▶ **WHAT YOU SHOULD DO**
For this exercise, transcribe all the entries exactly as given and omit the images.

Collection entries
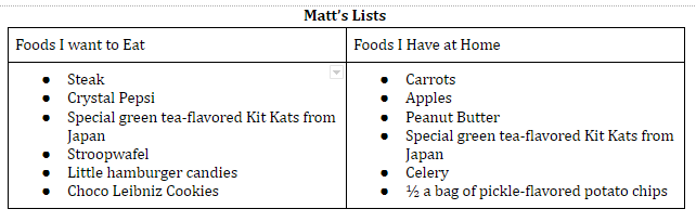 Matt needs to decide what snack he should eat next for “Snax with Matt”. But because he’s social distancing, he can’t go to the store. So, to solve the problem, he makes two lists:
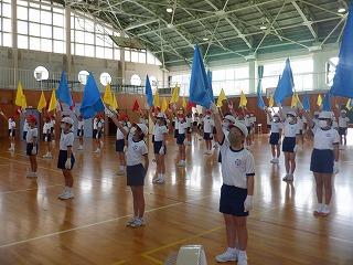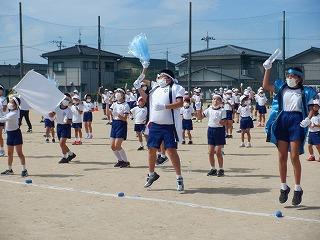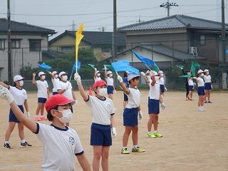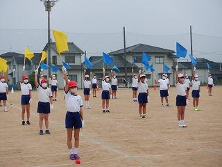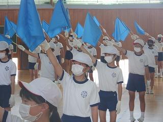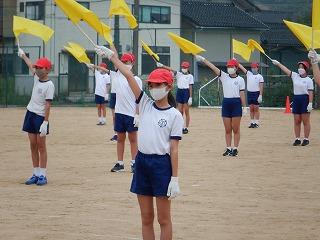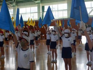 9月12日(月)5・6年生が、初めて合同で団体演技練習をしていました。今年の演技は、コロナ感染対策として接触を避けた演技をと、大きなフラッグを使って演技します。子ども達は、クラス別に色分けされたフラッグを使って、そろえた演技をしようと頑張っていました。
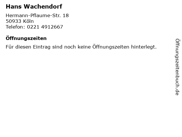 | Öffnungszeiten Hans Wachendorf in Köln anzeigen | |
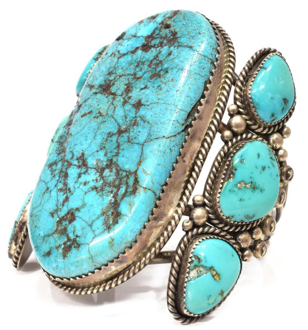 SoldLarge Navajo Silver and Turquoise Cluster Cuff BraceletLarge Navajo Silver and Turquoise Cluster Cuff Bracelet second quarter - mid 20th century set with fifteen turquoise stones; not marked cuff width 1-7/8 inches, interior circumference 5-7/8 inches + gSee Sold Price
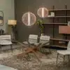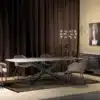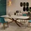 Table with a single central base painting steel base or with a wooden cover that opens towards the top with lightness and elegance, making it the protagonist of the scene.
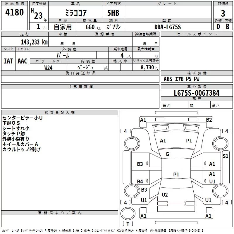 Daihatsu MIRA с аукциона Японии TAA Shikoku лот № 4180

▶ **SOLUTION TO THE PROBLEM**
 Matt needs to decide what snack he should eat next for “Snax with Matt”. But because he’s social distancing, he can’t go to the store. So, to solve the problem, he makes two lists:
 9月12日(月)5・6年生が、初めて合同で団体演技練習をしていました。今年の演技は、コロナ感染対策として接触を避けた演技をと、大きなフラッグを使って演技します。子ども達は、クラス別に色分けされたフラッグを使って、そろえた演技をしようと頑張っていました。
 | Öffnungszeiten Hans Wachendorf in Köln anzeigen | |
 SoldLarge Navajo Silver and Turquoise Cluster Cuff BraceletLarge Navajo Silver and Turquoise Cluster Cuff Bracelet second quarter - mid 20th century set with fifteen turquoise stones; not marked cuff width 1-7/8 inches, interior circumference 5-7/8 inches + gSee Sold Price
 Table with a single central base painting steel base or with a wooden cover that opens towards the top with lightness and elegance, making it the protagonist of the scene.
 Daihatsu MIRA с аукциона Японии TAA Shikoku лот № 4180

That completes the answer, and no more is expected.